キャリア・教育

2025.08.19 14:30

人生のレールを外れる「衝動」が大切な理由

谷川嘉浩

谷川嘉浩

『増補改訂版 スマホ時代の哲学』(ディスカヴァー携書)の著者であり、哲学者の谷川嘉浩。彼が提唱する「衝動を見つけることの大切さ」から、未来を切り開くためのヒントを発見できるだろう。


「夢は何か」「将来は何をやりたいのか」。そう問う大人を失望させないように、無難な答えを返したことはないだろうか。テンプレに沿った答えはその場しのぎになるが、何かのみ下せないものを感じた人は多いはずだ。一方、哲学者の谷川嘉浩は「あなたの『衝動』は何か」と問う。なぜ人は衝動と向かい合うべきなのか。話を聞いた。

──『人生のレールを外れる衝動のみつけかた』(筑摩書房)を出版した。なぜ衝動をテーマに?

谷川嘉浩(以下、谷川きっかけは、ラジオで漫画家の魚豊さんの話を聞いたことでした。魚豊さんは、『チ。』で描いた地動説にとりつかれた人たちについて、「人から見たら『え? 何それ?』と見えちゃうことを、本人たちはド真剣にやっている。そこに興味があった」と聞いて私も興味があるなと。

──なぜその語りが琴線に触れたのか。

谷川:私は京都市立芸術大学の教員をしています。学生たちは、一人ひとり陰影のある夢を抱いて楽しそうにものをつくっています。ところが就活が始まった途端に、「どこにも存在しない平均的な大学生」みたいなことを言い始めます。おそらく就活でお祈りメールをもらううちに空気を読むようになるんでしょうね。社会人も同じです。企業に呼ばれて話す機会がありますが、途中は感度が良くて興味深い反応があるのに、最後に感想を聞くと、学校の読書感想文のような紋切り型のまとめばかり口にするんです。

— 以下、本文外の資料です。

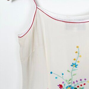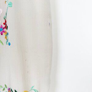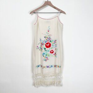 100% Silk Vintage Handmade Embroidered Floral Fringe Tassel Mini Midi Sun Dress
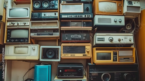 television, radio, stereo, equipment, vintage, retro, antique, electronic, technology, old, classic, nostalgic, collection, stacked, wall, display, audio, visual, media, entertainment, receiver, amplifier, cassette, player, tuner, speaker, console, television, set, screen, tube, dial, knob, buttons, component, device, apparatus, home, system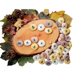 Invite children to explore word-building in a playful way with these tactile pebbles. Each pebble is engraved with a letter of the alphabet and the set includes the right combination of letters for children to make familiar words. Each pebble measures about 1 1/2 inches. Set of 50. Ages 3 and up.Features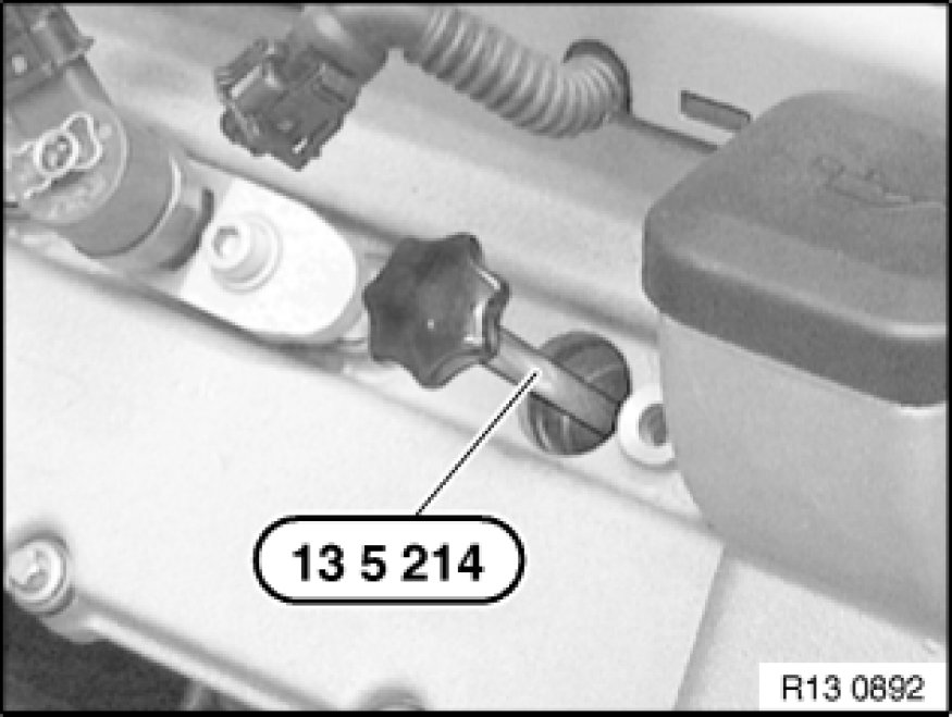 Insert special tool 13 5 210 into injector duct as far as it will go.

忖度してお決まりのストーリーに回収する行為は、周りとのあつれきを避けられるという点で効率的です。でも、それを続けるうちに、自分や世界に対する解像度が粗くなってしまう。暑苦しい言い方になりますが、それでは学びにつながりません。短期的にストレスを回避できても、長期的には人生がつまらなくなると思います。

──衝動は「夢」や「欲望」と違う?

谷川:衝動は、周りだけでなく自分自身すら驚くような、ある種の不合理さを伴う原動力です。例えばみんなと公園で遊んでいるときに、アリから目を離せなくなって何時間も見ちゃう子っていますよね。その子にアリに夢中な理由を聞いてもおそらく答えられない。あのイメージです。

子どもに「将来は何になりたい?」と聞けば何か答えるかもしれませんが、それは大人が用意したもののなかから選ばせているだけ。一方、SNSを見て「これが欲しい」「あれをやりたい」と感じても、そう感じてしまっているだけで、冷静になれば望んでもいない。自分のなかでじっくり育まれたものが衝動。本の読者から、「やりたいことと、やっちゃっていることの違いですよね」と感想をもらいましたが、まさにそう。気づいたらやっちゃっていることが衝動です。